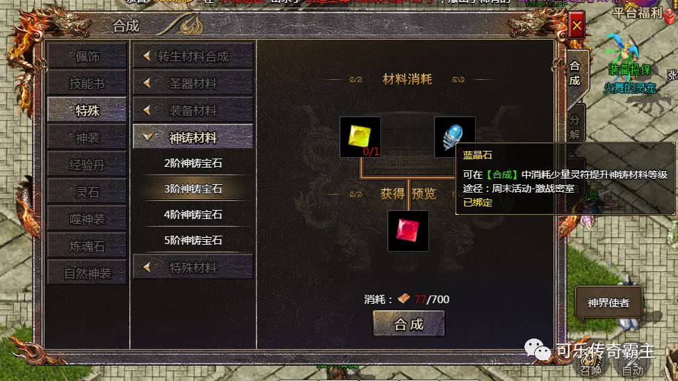 当我们收集足够的蓝晶石后,可进入到合成界面里的特殊道具合成,可以找到神铸材料的合成界面,去合成2阶或以上的神铸宝石的。合成需要消耗前一阶的神铸宝石、对应数量的蓝晶石、相应的灵符哦。
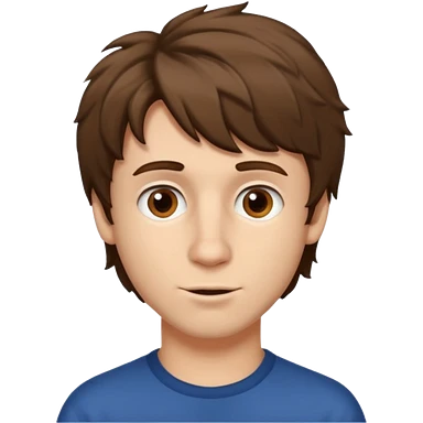 Brown hair white boy with b,rown eyes big nose and a shaggy hair cut emoji
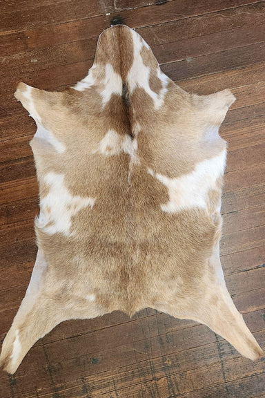 Light brown & white goat hide rug. It measures approximately 3' x 2'1. The hide you see is the hide you get and Ships for only $3. Cactus Creek...
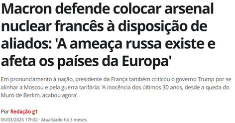 SE13169 - (Siga Escrevente. 2025. Inéditas) Em um pronunciamento nacional, o líder de um país europeu classificou uma nação vizinha como uma ameaça ao continente, defendendo a união em prol da Ucrânia. Ele mencionou a possibilidade de discutir a disponibilização do arsenal nuclear de seu país para aliados como forma de dissuasão. O pronunciamento também incluiu críticas a uma administração americana anterior por seu alinhamento com Moscou e suas políticas tarifárias.
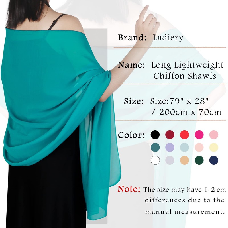 - SUITABLE SIZE: These trendy chiffon shawls can match with different style clothes. Chiffon Shawl size: 79" x 28" / 200 cm x 70 cm. This chiffon's size will long enough to fit outfit, dress, gown, blouse, jacket, bikini and shirt etc. You will be stand out from the crowd with much charm. One size fits most women.
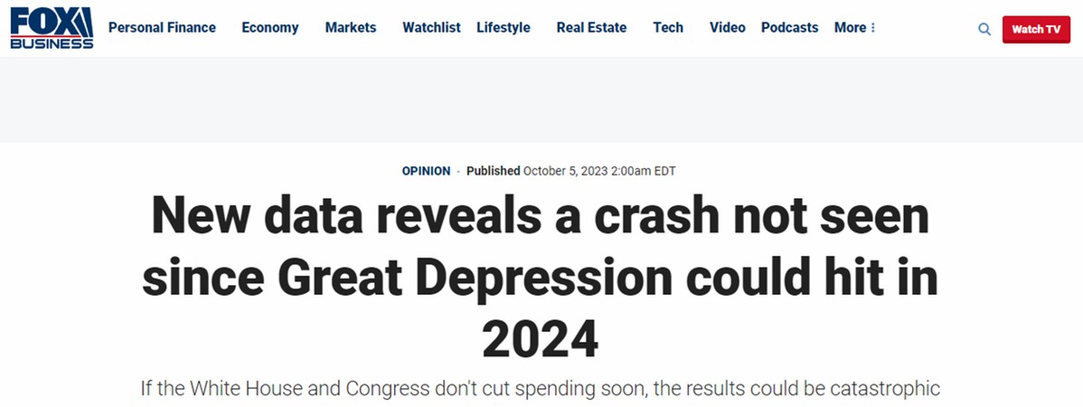 報(bào)道中寫道,越來越多的數(shù)據(jù)表明,一場(chǎng)破壞性超過大蕭條的經(jīng)濟(jì)崩盤可能即將在2024年降臨美國(guó)。白宮和國(guó)會(huì)如果不盡快削減政府支出,結(jié)果可能是災(zāi)難性的。
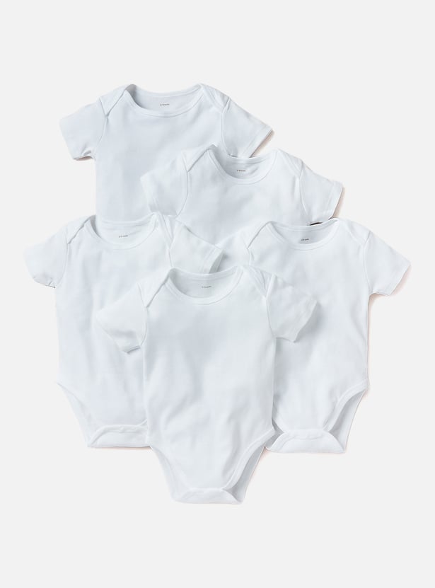 Solid Organic Bodysuit with Round Neck - Set of 5
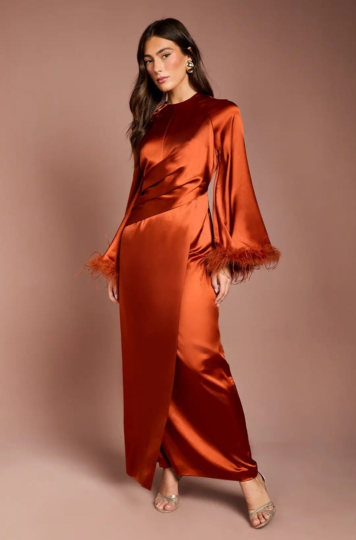 Coast Feather Trim Satin Maxi Dress, £129, Warehouse
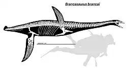 Brancasaurus (meaning "Branca's lizard") is a genus of plesiosaur which lived in a freshwater lake in the Early Cretaceous of what is now North Rhine-Westphalia, Germany. With a long neck possessing vertebrae bearing distinctively-shaped "shark fin"-shaped neural spines, and a relatively small and pointed head, Brancasaurus is superficially similar to Elasmosaurus, albeit smaller in size at 3.26 metres (10.7 ft) in length as a subadult.
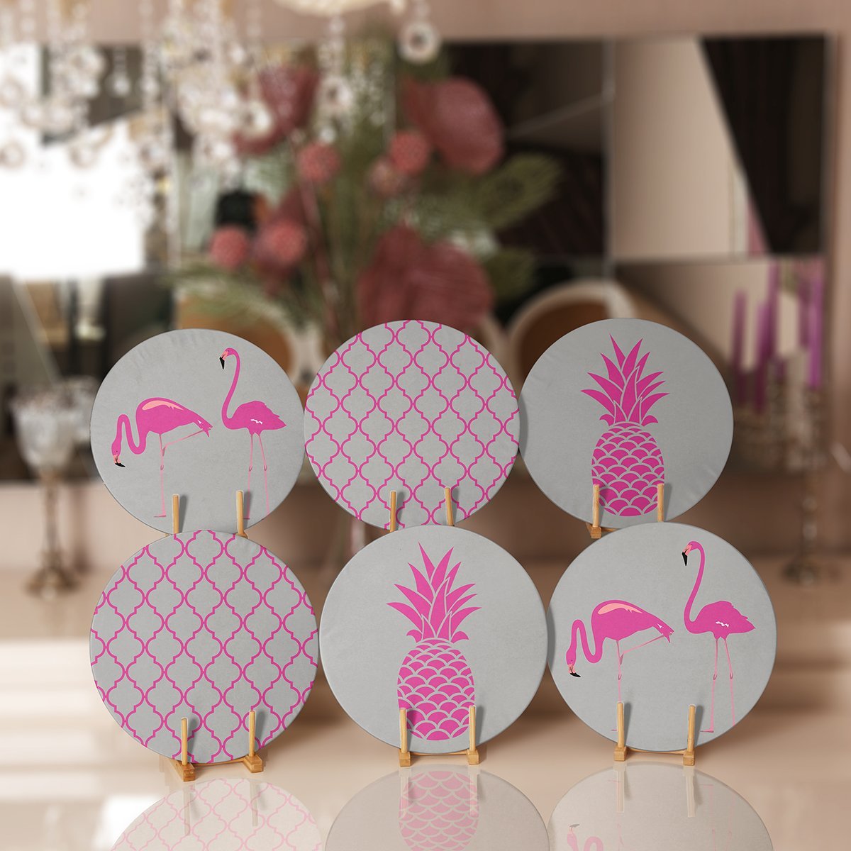 6’lı Gri Fuşya Özel Tasarımlı Servis Altlığı & Supla

——

Task to complete
The expected output is each entry given again word for word, with pictures dropped.

Your response
 当我们收集足够的蓝晶石后,可进入到合成界面里的特殊道具合成,可以找到神铸材料的合成界面,去合成2阶或以上的神铸宝石的。合成需要消耗前一阶的神铸宝石、对应数量的蓝晶石、相应的灵符哦。
 Brown hair white boy with b,rown eyes big nose and a shaggy hair cut emoji
 Light brown & white goat hide rug. It measures approximately 3' x 2'1. The hide you see is the hide you get and Ships for only $3. Cactus Creek...
 SE13169 - (Siga Escrevente. 2025. Inéditas) Em um pronunciamento nacional, o líder de um país europeu classificou uma nação vizinha como uma ameaça ao continente, defendendo a união em prol da Ucrânia. Ele mencionou a possibilidade de discutir a disponibilização do arsenal nuclear de seu país para aliados como forma de dissuasão. O pronunciamento também incluiu críticas a uma administração americana anterior por seu alinhamento com Moscou e suas políticas tarifárias.
 - SUITABLE SIZE: These trendy chiffon shawls can match with different style clothes. Chiffon Shawl size: 79" x 28" / 200 cm x 70 cm. This chiffon's size will long enough to fit outfit, dress, gown, blouse, jacket, bikini and shirt etc. You will be stand out from the crowd with much charm. One size fits most women.
 報(bào)道中寫道,越來越多的數(shù)據(jù)表明,一場(chǎng)破壞性超過大蕭條的經(jīng)濟(jì)崩盤可能即將在2024年降臨美國(guó)。白宮和國(guó)會(huì)如果不盡快削減政府支出,結(jié)果可能是災(zāi)難性的。
 Solid Organic Bodysuit with Round Neck - Set of 5
 Coast Feather Trim Satin Maxi Dress, £129, Warehouse
 Brancasaurus (meaning "Branca's lizard") is a genus of plesiosaur which lived in a freshwater lake in the Early Cretaceous of what is now North Rhine-Westphalia, Germany. With a long neck possessing vertebrae bearing distinctively-shaped "shark fin"-shaped neural spines, and a relatively small and pointed head, Brancasaurus is superficially similar to Elasmosaurus, albeit smaller in size at 3.26 metres (10.7 ft) in length as a subadult.
 6’lı Gri Fuşya Özel Tasarımlı Servis Altlığı & Supla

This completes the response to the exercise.